There is a df with thousands of object format columns that need to be formatted before converting to float . The problem is that sometimes there are not standard values that can be trimmed with str.replace , but such rare garbage values meaning completely different things than the essence of the column.

For example:

 r_data_executions_blocks_0_items_118_sum NaN 10165 10 000 руб. 4 781 760 руб. 1 40 922 руб. 1 200 руб. 1 201 844 руб. 1 177 579 руб. 1 34198/15/50006-ИП 1 415 руб. 1 21148/18/86014-ИП 1 1,3 млн руб. 1 176 427 руб. 1 Name: r_data_executions_blocks_0_items_118_sum, dtype: int64

It is seen that the amount of type 10 000 руб. can be cleared of currency cuts and order of magnitude, to remove the space between digits.

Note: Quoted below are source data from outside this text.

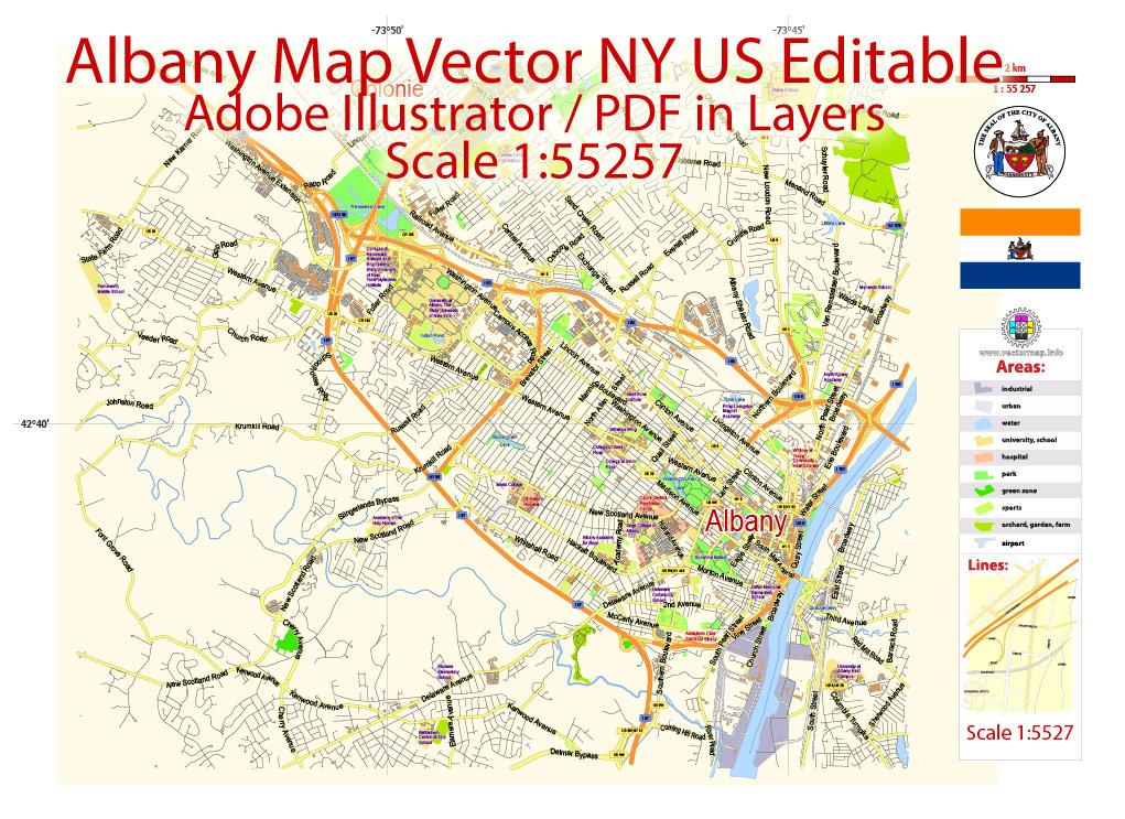 Albany Pdf Map Vector Ny Us City Plan Editable Street Map In Layers, Albany, United States, Upstate Ny, Albany Law School
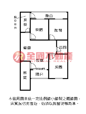 ※本格局圖係未依實際比例繪製之概繪圖。其比例、座向、格局、形狀等,仍須以房屋現場為準。
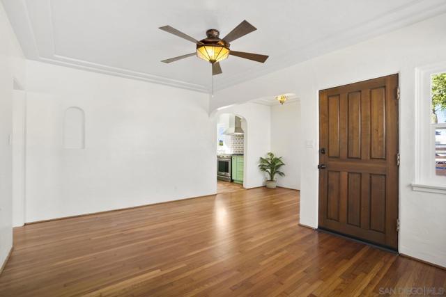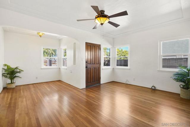 Timeless Spanish-Style Craftsman in Vibrant University Heights/North Park. 2 bed WITH A BONUS ROOM/OFFICE/BEDROOM. Nestled in the highly sought-after University Heights/North Park neighborhood, this stunning Spanish-style Craftsman home blends classic charm with modern curb appeal. With approximately $75,000 in renovations, this residence offers authentic Spanish tile, gleaming hardwood floors, and elegant arched niches that exude character. Its prime location near parks, restaurants, and freeways makes it ideal for those craving a walkable, vibrant lifestyle. Recent Upgrades: Fresh stucco (2021), roof maintenance (2024), and enhanced attic/wall insulation (2021) for superior energy efficiency. 240V outlet for car charging in the garage (2023), new water heater (2021), updated interior electrical (2017), and centrally ducted electric AC/heat (2017).Remodeled bathroom (2016) and a breathtaking kitchen with custom cabinetry (2017). Upgraded plumbing and sewer, pre-plumbed for an additional bathroom in the back office (2017).Modern exterior fencing installed. Recently painted, floors refinished. Enjoy the charm of a classic home with modern conveniences! WALK SCORE IS 94! A "WALKER'S PARADISE"
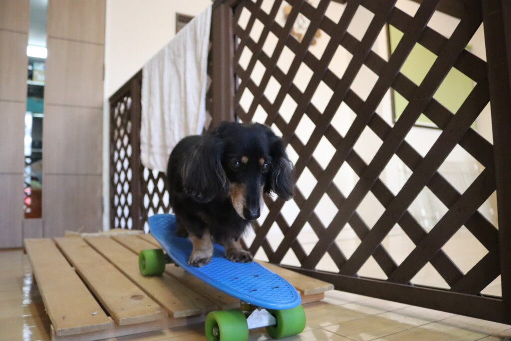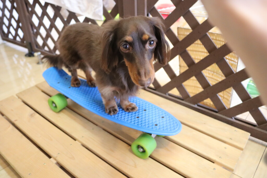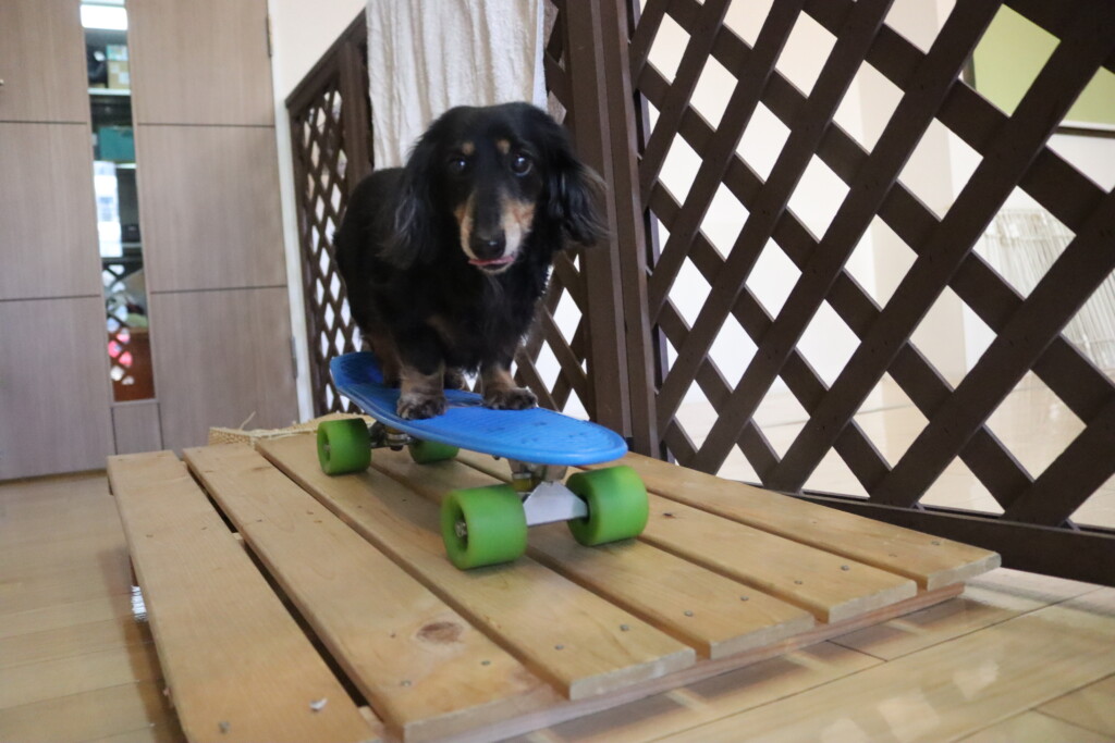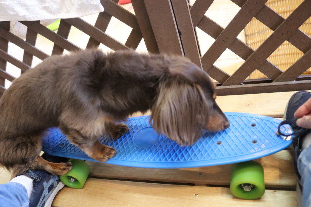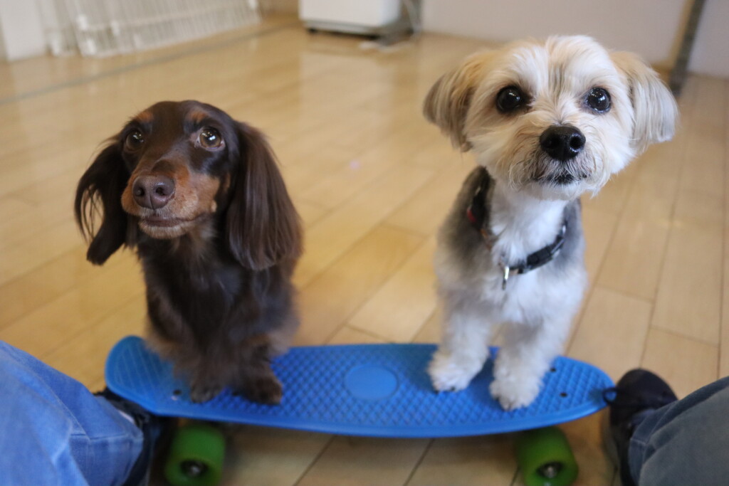 2頭とも仙川店で大流行中の坂道にあるスケボー乗りにトライ!

Values of the same type 34198/15/50006-ИП should be replaced entirely with “NaN” using the ИП pattern.

Type Code

 for n in df_common_fin.columns: if 'sum' in n: df_common_fin[n] = np.where(df_common_fin[n].str.contains('ИП', regex=False), 'NaN', df_common_fin[n]) df_common_fin[n] = df_common_fin[n].str.contains('ИП', regex=False) df_common_fin[n] = df_common_fin[n].str.replace('руб', '') df_common_fin[n] = df_common_fin[n].str.replace('млн', '00000') df_common_fin[n] = df_common_fin[n].str.replace('млрд', '00000000') df_common_fin[n] = df_common_fin[n].str.replace('Исполнительный лист', "NaN") df_common_fin[n] = df_common_fin[n].str.replace('Сумма неизвестна', "NaN") df_common_fin[n].fillna('NaN', inplace=True) df_common_fin[n] = df_common_fin[n].str.replace('Нет', 'NaN') df_common_fin[n] = df_common_fin[n].str.replace('.', '') df_common_fin[n] = df_common_fin[n].str.replace(',', '') df_common_fin[n] = df_common_fin[n].str.replace(' ', '') df_common_fin[n] = df_common_fin[n].astype(np.float64)

Does not work.

Accepted Answer · 2018-11-13T12:24:23

In this case, I would process (replace) only the lines of interest (with sums) and at the very end use:

 df[col_name] = pd.to_numeric(df[col_name], errors='coerce')

errors='coerce' turns all strings that could not be converted to numeric values into NaN . Those. the pd.to_numeric() function takes care of all garbage.

 def clean_amount(col): to_repl = ["\s*", "\*", "руб\.?", ",", "млн\.?", "млрд\.?"] val = ["", "", "", ".", "*10**6", "*10**9"] col = col.replace(to_repl, val, regex=True) mask = pd.to_numeric(c.str.replace('*','',regex=False), errors='coerce').notna() col.loc[mask] = pd.eval(col.loc[mask]) return pd.to_numeric(col, errors='coerce')

Work example:

 In [327]: df Out[327]: col 0 NaN 1 10 000 руб. 2 781 760 руб. 3 40 922 руб. 4 200 руб. 5 201 844 руб. 6 177 579 руб. 7 34198/15/50006-ИП 8 415 руб. 9 21148/18/86014-ИП 10 1,3 млн руб. 11 176 427 руб. In [328]: df['col_clean'] = clean_amount(df['col']) In [329]: df Out[329]: col col_clean 0 NaN NaN 1 10 000 руб. 10000.0 2 781 760 руб. 781760.0 3 40 922 руб. 40922.0 4 200 руб. 200.0 5 201 844 руб. 201844.0 6 177 579 руб. 177579.0 7 34198/15/50006-ИП NaN 8 415 руб. 415.0 9 21148/18/86014-ИП NaN 10 1,3 млн руб. 1300000.0 11 176 427 руб. 176427.0

An error occurs: AttributeError: Can only use .str accessor with string values, which use np.object_dtype in pandas with this part of the signs is converted, part is not.
@StepanSokol, supplemented the answer with the implementation
After your comments, I tried to implement what I myself advised in the answer - in practice, the implementation turned out to be a bit more complicated than in theory (as is often the case - it's all about the little things) ;-)
Without trying, do not answer your question ... If all cases are taken into account, then you can use.
PS it is still lucky that Pandas can process texts in batches (in vectorized form) :)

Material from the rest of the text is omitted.